Piggybacking off a national report which shows Connecticut’s that health insurance premiums have risen 95.9 percent over the past 10 years, state lawmakers said they are drafting legislation, which increases insurance industry regulation and forces insurance companies to factor in affordability when proposing rate increases.
“We have a system of insurance regulation that really is flawed and fatal,” Attorney General Richard Blumenthal said Wednesday at a Capitol press conference. “The best illustration of its failings came just within the last month when Anthem applied for rate increases on the individual and small business products effecting 56,000 people in the state of Connecticut.”
The hearing on Anthem’s requested rate increases resulted in the state Insurance Department granting it 16 to 20 percent increases, instead of the 22 to 30 percent rate increases it had requested.
“We were essentially denied effective redress,” Blumenthal, who participated in the July 20 hearing, said. “The system is broken and it must be fixed.”
Blumenthal argued that affordability ought to be taken into consideration when deciding these rate increases. Currently affordability is not considered, but affordability was one of the statistics highlighted by this Families USA report released Wednesday.
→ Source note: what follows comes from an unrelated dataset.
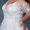 A plus size ball gown with a flattering sweetheart neckline and illusion lace bodice. The gown features embroidered lace appliques, sequins, and crystal buttons for a perfect fit. It includes light satin lining and a 55-inch waist train.
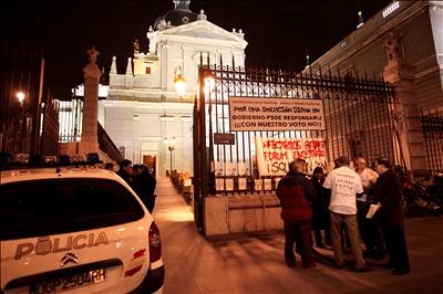Tras la lectura del manifiesto, algunos de los congregados se dirigieron hasta La Almudena para testimoniar su apoyo a la veintena de afectados que permanecieron desde la tarde de ayer y durante toda la noche encerrados en la catedral. (EFE)

In the report Connecticut workers income increased from $32,106 to $36,276, or 13 percent, over the past 10 years. During that same period health insurance premiums rose 7.4 times faster than median earnings.
“The disproportionate damage done by these rate increases, the catastrophic effects are shown by these graphs, but behind these numbers and these graphs are individual human lives that are devastated and damaged,” Blumenthal said.
“Reform must require that the regulators really regulate,” Blumenthal said.
Connecticut’s Insurance Commissioner Thomas R. Sullivan said he doesn’t like increasing rates either and would be happy to hold more public hearings on health insurance rate filings, “as long as the legislature gives the Insurance Department the resources it needs.”
“I have no objection to having them,” Sullivan said in an emailed statement Wednesday afternoon.
“As I have stated on several occasions, companies better think twice before coming to this department with an unjustified rate increase, because if they do, it’s going to get denied, just as I denied Anthem’s request,” Sullivan said. “But, I live in a world where I have to judge the merits of each application based on the facts and in accordance with the law. As a regulator, I do not have the luxury of acting arbitrarily.”
Rep. Steve Fontana, D-North Haven, said over the past year the legislature’s Insurance Committee talked about ways in which the private market was failing consumers.
“Individual health insurance consumers are out there in the wild, wild west. They’re on their own,” Fontana said.
He said thankfully the Attorney General and state Healthcare Advocate Kevin Lembo knocked the Anthem rate increase down from “exorbitant to merely excessive.”
Lembo said they also learned during Anthem’s rate increase hearing that the company does not factor into its proposed increase whether or not people will drop the policy because they can no longer afford it. He said there’s also not requirement for Anthem to notify its customers to tell them about the proposed rate increases prior to the hearing.
“The lesson of the hearing was that consumer voices were not heard,” Lembo said.
He said if things go well during the next legislative session affordability and value will be considered in any future rate increases.
The draft legislation will be released at the beginning of the next legislative session in January.